The answer, in the case of Petr Ginz, is all of the above. Ginz was a Czech of mixed Jewish and non-Jewish parentage who was deported in 1942 to Theresienstadt and then, in 1944, to his death in Auschwitz. His diary came to light in 2003 after the Israeli astronaut Ilan Ramon took Ginz's drawing "Moon Landscape" with him on the doomed space shuttle Columbia. After the shuttle exploded, a man in Prague who had found the diaries years earlier in a house he purchased saw news reports about Ginz and his painting and contacted the Yad Vashem museum in Jerusalem, which already had a collection of Ginz's artwork.

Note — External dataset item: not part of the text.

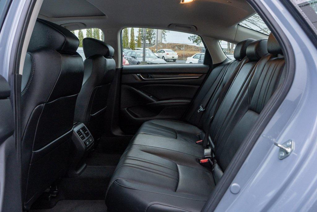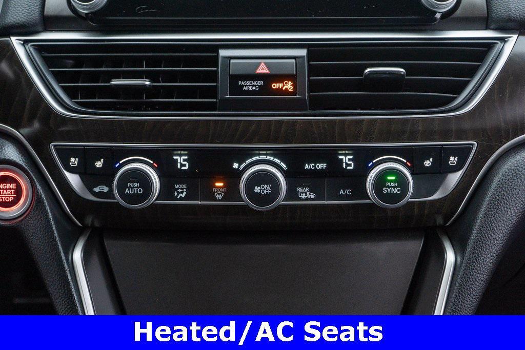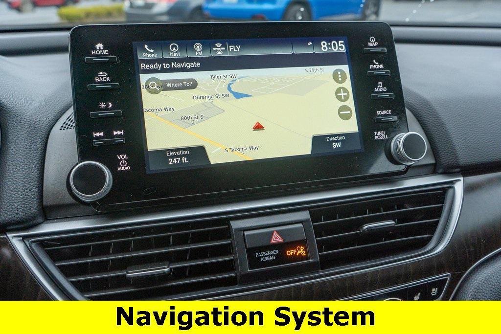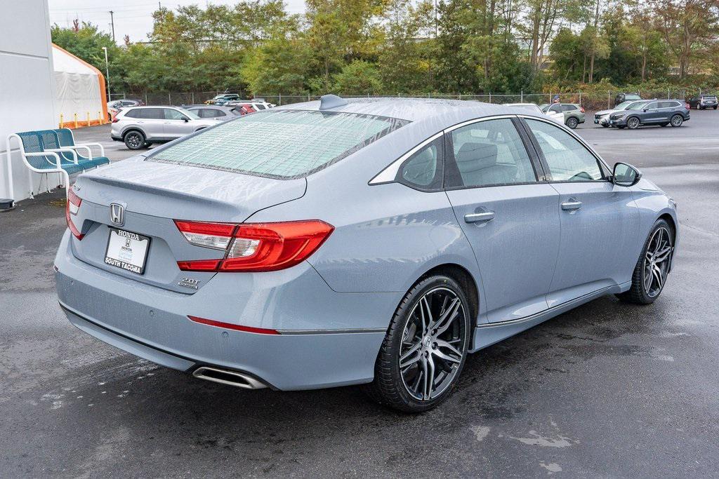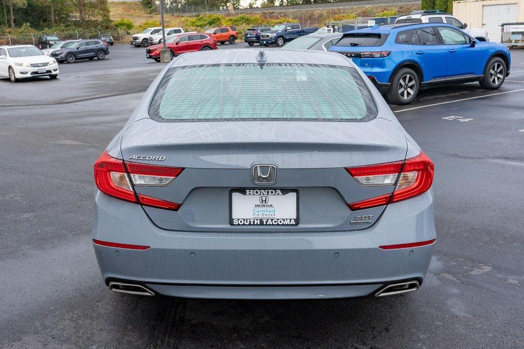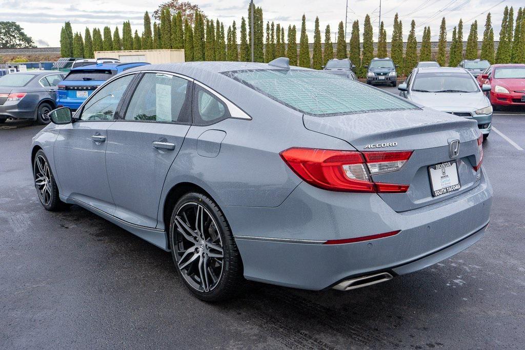 Recent Arrival! Certified. 2021 Honda Accord Touring 2.0T Sonic Gray Pearl 10 Speakers, 4-Wheel Disc Brakes, ABS brakes, Adaptive Cruise Control: Adaptive Cruise Control (ACC) with Low-Speed Follow, Adaptive suspension, Air Conditioning, Alloy wheels, AM/FM radio: SiriusXM, Apple CarPlay/Android Auto, Auto High-beam Headlights, Auto-dimming Rear-View mirror, Automatic temperature control, Blind Spot Information (BSI) System warning, Brake assist, Bumpers: body-color, Compass, Delay-off headlights, Driver door bin, Driver vanity mirror, Dual front impact airbags, Dual front side impact airbags, Electronic Stability Control, Emergency communication system: HondaLink, Exterior Parking Camera Rear, Forward collision: Collision Mitigation Braking System (CMBS) + FCW mitigation, Four wheel independent suspension, Front anti-roll bar, Front Bucket Seats, Front Center Armrest, Front dual zone A/C, Front fog lights, Front reading lights, Fully automatic headlights, Garage door transmitter: HomeLink, Heads-Up Display, Heated & Ventilated Front Bucket Seats, Heated door mirrors, Heated front seats, Heated rear seats, Illuminated entry, Knee airbag, Lane Departure Warning System, Leather steering wheel, Leather-Trimmed Seats, Low tire pressure warning, Memory seat, Navigation System, Occupant sensing airbag, Outside temperature display, Overhead airbag, Overhead console, Panic alarm, Passenger door bin, Passenger vanity mirror, Power door mirrors, Power driver seat, Power moonroof, Power passenger seat, Power steering, Power windows, Radio data system, Radio: 450-Watt AM/FM/HD Premium Audio System, Rain sensing wipers, Rear anti-roll bar, Rear seat center armrest, Rear window defroster, Remote keyless entry, Security system, Speed control, Speed-sensing steering, Speed-Sensitive Wipers, Split folding rear seat, Steering wheel mounted audio controls, Tachometer, Telescoping steering wheel, Tilt steering wheel, Traction control, Trip computer, Turn signal indicator mirrors, Variably intermittent wipers, Ventilated front seats, Wheels: 19'' Machine-Finished Alloy w/Gray Inserts. I4 DOHC 16V Turbocharged 4D Sedan 10-Speed Automatic FWD CARFAX One-Owner. 22/32 City/Highway MPG HondaTrue Certified Details: * Powertrain Limited Warranty: 84 Month/100,000 Mile (whichever comes first) from original in-service date * Warranty Deductible: $0 * Vehicle History * Vehicles purchased within New Vehicle Limited Warranty period: extends New Vehicle Limited Warranty to 5 years*/60,000 miles*. Honda Care Roadside Assistance for 2 year/100,000 miles (whichever occurs first). Up to two complimentary oil changes within the first year of ownership. SiriusXM 90-Day Trial. * Transferable Warranty * Roadside Assistance * 182 Point Inspection * Limited Warranty: 24 Month/100,000 Mile (whichever comes first) after new car warranty expires or from certified purchase date

Now published by his surviving sister, the book includes some of his promising watercolors, linocuts and drawings, and excerpts from his writings, including the incomplete The Secret of Satan's Grotto, one of his six unpublished novels:
"It occurred to me then that my feelings at that moment were like a newspaper before it hits the rolling press. All the pressure from every side disappeared. I wondered: why does the pure paper of children's souls have to pass from a young age through the rolling press of life and society, which imprints it with all sorts of qualities and crushes it under the pressure of worries about livelihood and the attacks of enemies."
So much of young Ginz's writings deal with such sadness. While the diary itself is mainly recitations of the personal and political events of his days, his art and the brief excerpts of his journalism (he founded and edited a magazine in Theresienstadt) and novels reveal a burdened though delicate heart, and a fine mind and hand that were never allowed to grow so much finer.